Worker’s Compensation Claim

Do I Have A Claim?

In New South Wales, if you are injured during the course of your employment, you can make an injury claim with your employer. Your employer will notify its workers compensation insurer of the injury and lodge an injury claim at the same time.

Once your claim is lodged, the insurer and treatment provider have the responsibilities to assist you to recover and return to the workplace as quickly as possible.

When your injury claim is accepted by the insurer, you may have an entitlement to the following:

  1. Weekly benefits
  2. Medical expenses
  3. Lump sums compensation for permanent impairment

The insurer will provide you relevant information regarding rehabilitation. The insurer aims to assist you in your recovery and to return to work as soon as possible.

However, they do not necessarily advise claimants that they are able to claim for lump sum compensation for permanent impairment. A 'lump sum' claim can be in thousands of dollars and this entitlement is set out in sections 66 and 67 of the Workers Compensation Act 1987.

To properly prepare your claim for lump sum compensation, we will collate all medical information relating to your injuries and disabilities before we arranged for you to be assessed by reputable medico-legal doctors who will assess your injuries and provide a Whole Person Impairment rating in accordance with AMA 5 Guides.

Your legal fees and disbursements will be fully paid by the insurer. You do not need to incur any expenses at any time.

What Do I Do When I’m Injured at Work?

If you are injured at work, you must report the incident and injury to your employer as soon as possible.The incident details must be entered in the company's injury register. Your employer has a legal obligation to notify the insurer within 48 hours of the injury being notified.

Your employer has a legal obligation to notify the Scheme Agent or insurer within 48 hours of the injury being notified.

If your employer fails to lodge an injury claim, you must contact WorkCover Assistance Service on 13 10 50 or our office for immediate advice.

When contacting WorkCover Authority, you must provide the following information:

  1. Your full contact details
  2. Your employer's details
  3. Your doctor's and treatment details
  4. The date of injury and description of the incident
  5. Name of the person who notified the insurer and your relationship to that person

If the employer fails to notify the Scheme Agent or insurer within the 48 hours timeframe, you must contact WorkCover Assistance Service for advice on 13 10 50.

Provisional Liability

Once a claim is made with an insurer, your claim may be accepted provisionally so that you can start receiving weekly benefits and medical expenses.
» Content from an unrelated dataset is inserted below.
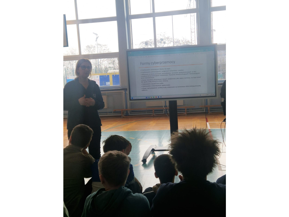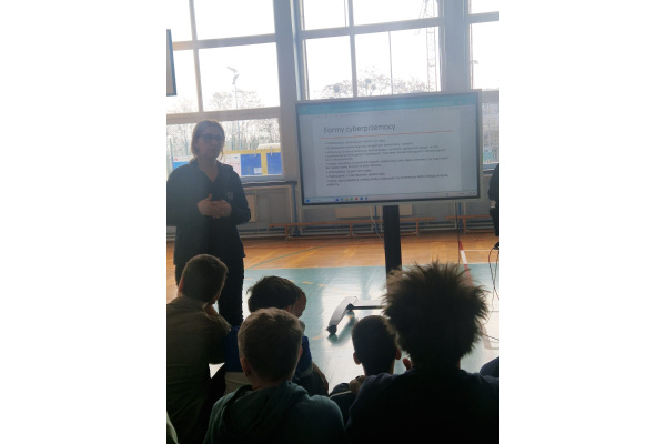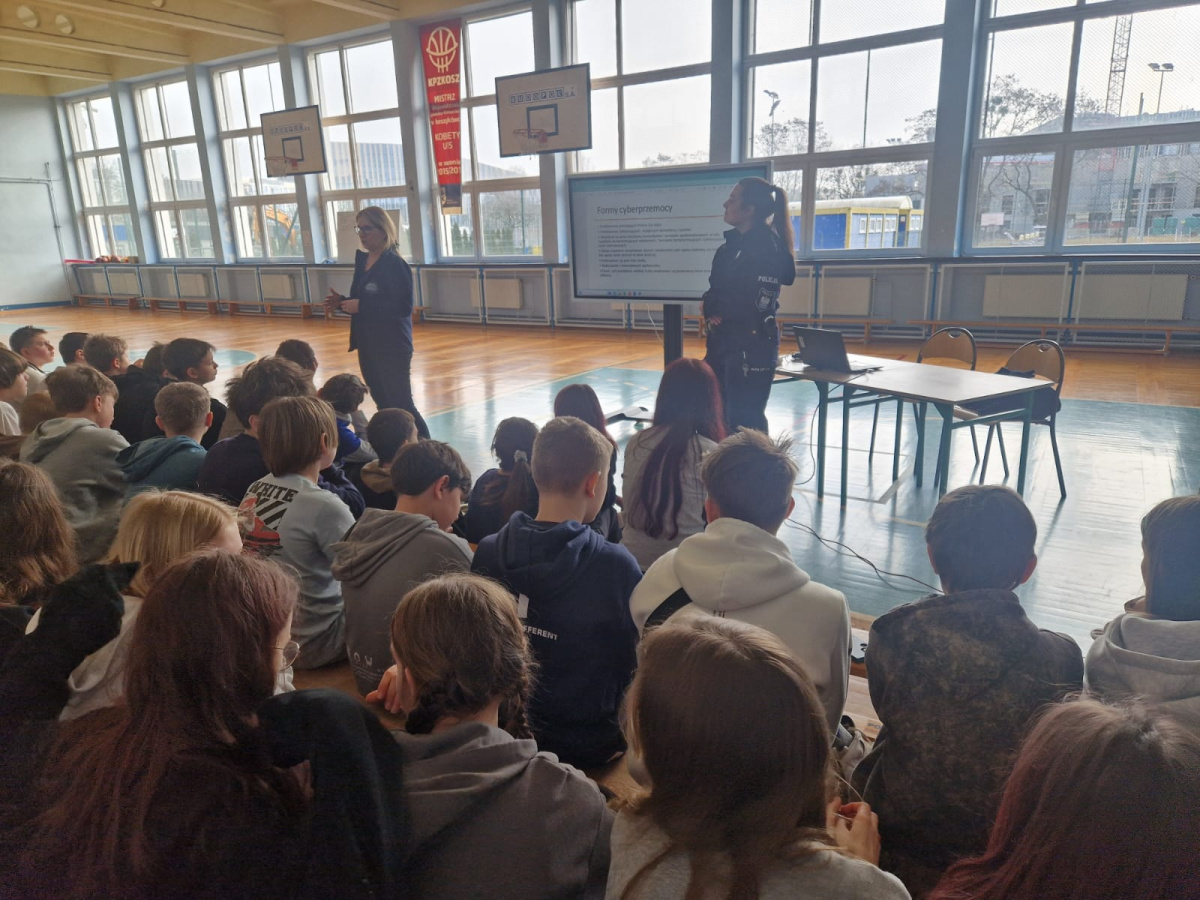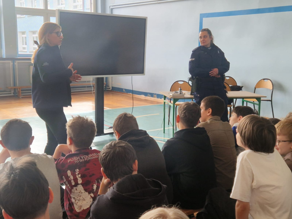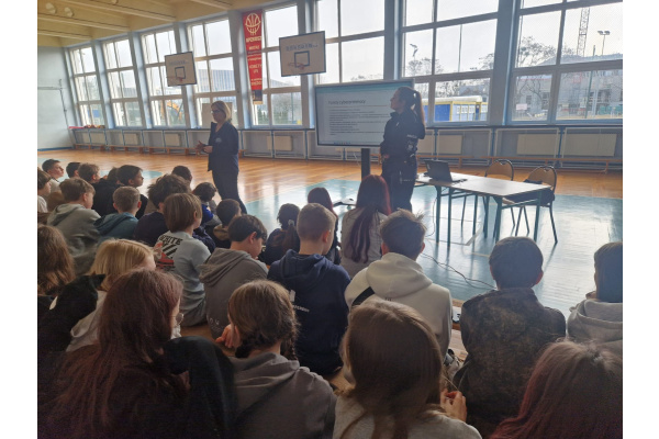 Spotkanie miało charakter interaktywny – uczniowie chętnie zadawali pytania i dzielili się swoimi spostrzeżeniami. Dzięki temu była to nie tylko cenna lekcja profilaktyki, ale także okazja do refleksji nad własnym bezpieczeństwem i odpowiedzialnością za swoje działania zarówno w świecie realnym, jak i wirtualnym.

This allows you to claim weekly payments for a maximum of 12 weeks and payment of medical expenses up to $7500.

Your weekly benefits start within 7 days after notification of injury is made with the insurer unless the insurer has a reasonable excuse not to pay weekly benefits.

The insurer must then notify you in writing and provide further advice on resolving dispute.

The reasonable excuse can be any of the following:
  1. You do not have insufficient medical evidence
  2. You are unlikely to be a 'worker'
  3. The insurer is unable to contact you
  4. You refuse to cooperate with the insurer
  5. Your injury is not work-related
  6. You reported your injury after 2 months
  7. Your injury is not a significant injury

Time Limits

It is very important that you lodge a Workers compensation claim within 6 months of the date of injury. You can still bring a late claim if it is the result of ignorance, mistake or absence from NSW.

If you wish to make a claim outside the 6 month period, please contact our office as soon as possible.


WorkCover NSW Medical Certificate

Where possible, you must immediately consult a doctor regarding the injury and request the doctor to complete a WorkerCover NSW Medical Certificate. You must nominate your doctor as a nominating doctor who has your permission to release relevant information to the insurer. An injury management and return to work plan can then be devised for you.

You should promptly give the completed medical certificate to the employer or insurer and include any receipts for medical treatment. You should remember to keep a copy of the receipts and documents relating to treatment.

You must also agree to participate and cooperate with tment and implementation of an injury management plan and return to work plan.

When attending treatment providers such as physiotherapist, you must provide them with claim number. Your treatment provider will then request pre-approval from the insurer. This will ensure that you are not out of pocket.

Mitigation of Loss

You must be seen to mitigate your loss by making all reasonable efforts to return to work. If you are unable to perform pre-injury duties at work, you must inform the doctor and the employer of your disability and other suitable duties.